I think it's awesome (we are close friends with Erik from Pig so slightly biased) - one extreme is Browser Use, which is just an agent that does everything for the first time, the other extreme is Workflow Use, which is almost deterministic. I think the winner product lies somewhere in the middle - Browser Use + Cache is easier to do for browser trajectories than for pure images! We will definitely try this direction!
1) we made this sick function in browser use library which analyses when there are no more requests going through - so we just reuse that!
2) yeah good question. The end goal is to completely regenerate the flow if it breaks (let browser use explore the “new” website and update the original flow). But let’s see, soo much could be done here!
1. Oh yes right. I remember trying it out thinking it was going to be brittle because of analytics etc but it filters for those surprisingly well.
2. We are working on https://www.launchskylight.com/ , agentic QA. For the self onboarding version we are using pure CUA without caching. (We wanted to avoid playwright to make it more flexible for canvas+iframe based apps,where we found HTML based approaches like browser-use limited, and to support desktop apps in the future).
We are betaing caching internally for customers, and releasing it for the self-onboarding soon. We use CUA actions for caching instead of playwright. Caching with pixel native models is def a bit more brittle for clicks and we focus on purely vision based analysis to decide to proceed or not.
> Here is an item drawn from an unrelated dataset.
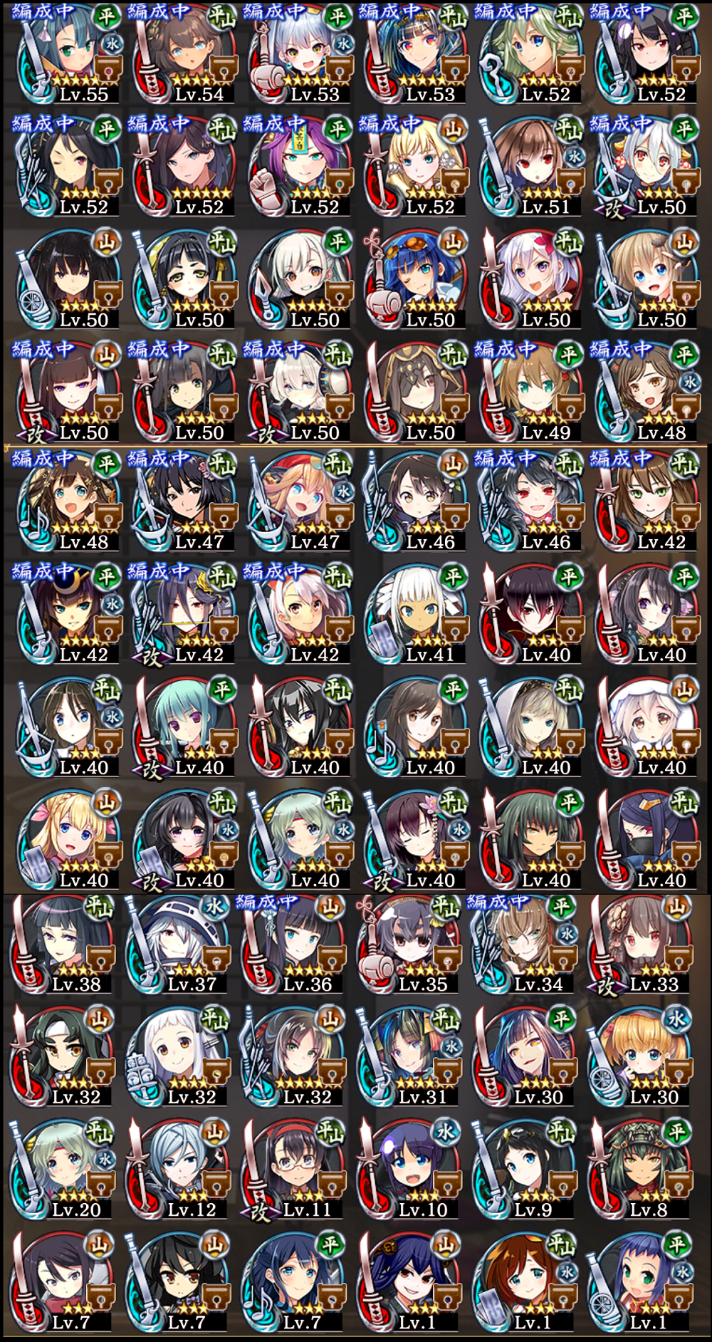 始めて2週間です。天下統一で行き詰まったので質問させて下さい。現在、「新たなる智〜常陸〜」まできたのですが、敵が強くギリギリ勝ててる状況です。なので育成をしようと思うのですが、私の手持ちの中でどの娘を育てたらいいか教えて頂けないでしょうか?旧作をやってたので引き継ぎキャラが何体かいて、ガチャは初回のみ引いてます。

I think for scaling though you are 100% right, screenshots every step for validating are okay/worth it, but running an agent non-deterministically for actions is def an overkill for enterprise, that was what we found as well.
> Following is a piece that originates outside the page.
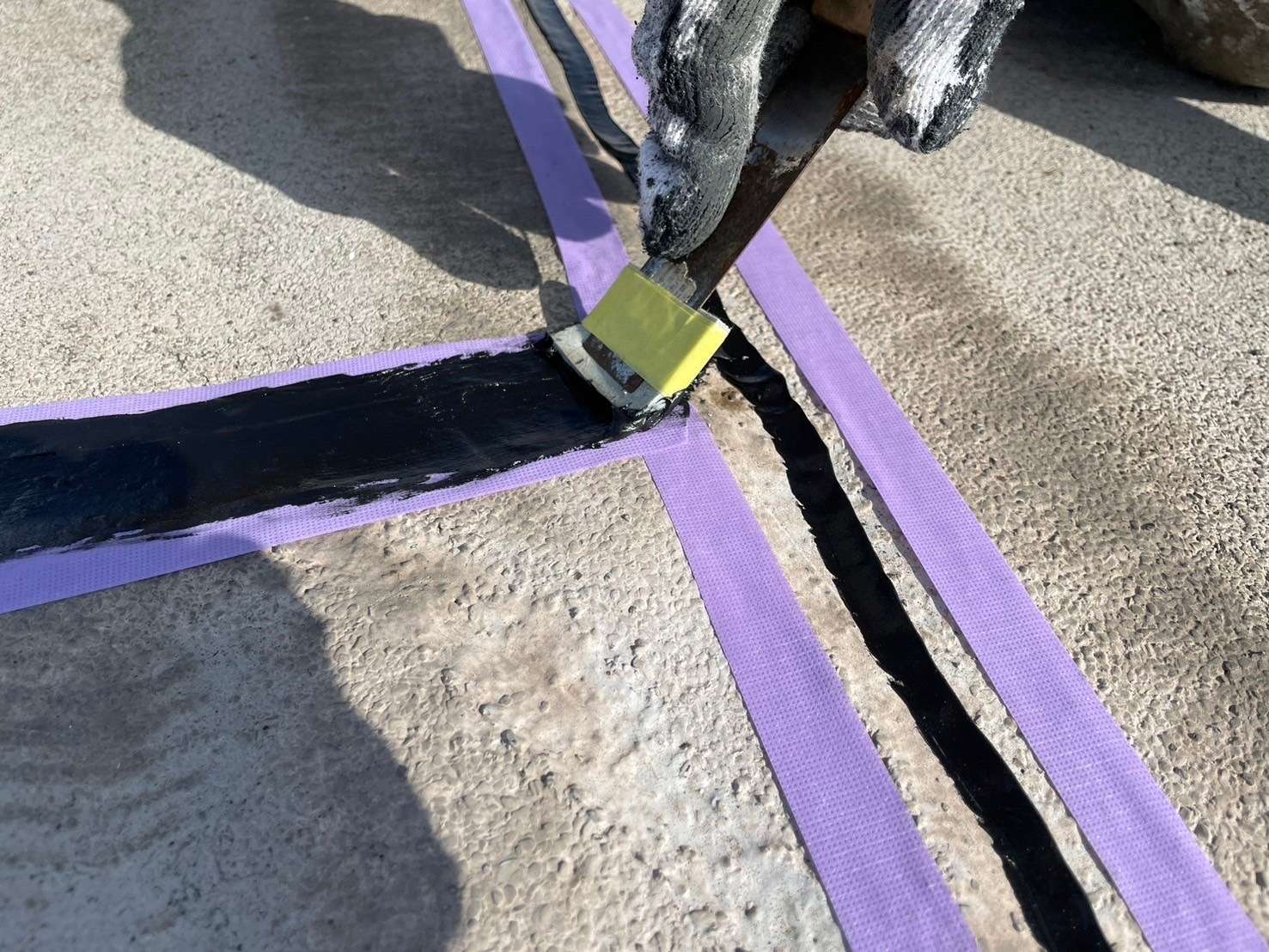 シート防水やアスファルト防水の目地にはシーリング材が充填してあります。

Geminis video understanding is also an interesting way to analyze what went wrong in more interactive apps. Apart from that i think we share quite a bit of the core thinking, would be interested to chat, will DM!
we heard a lot of complaints about Browser Use being slow. Last few weeks we focused a lot on improving the speed, while keeping the same accuracy.
Go try it out. It's really fun to see it glide the web.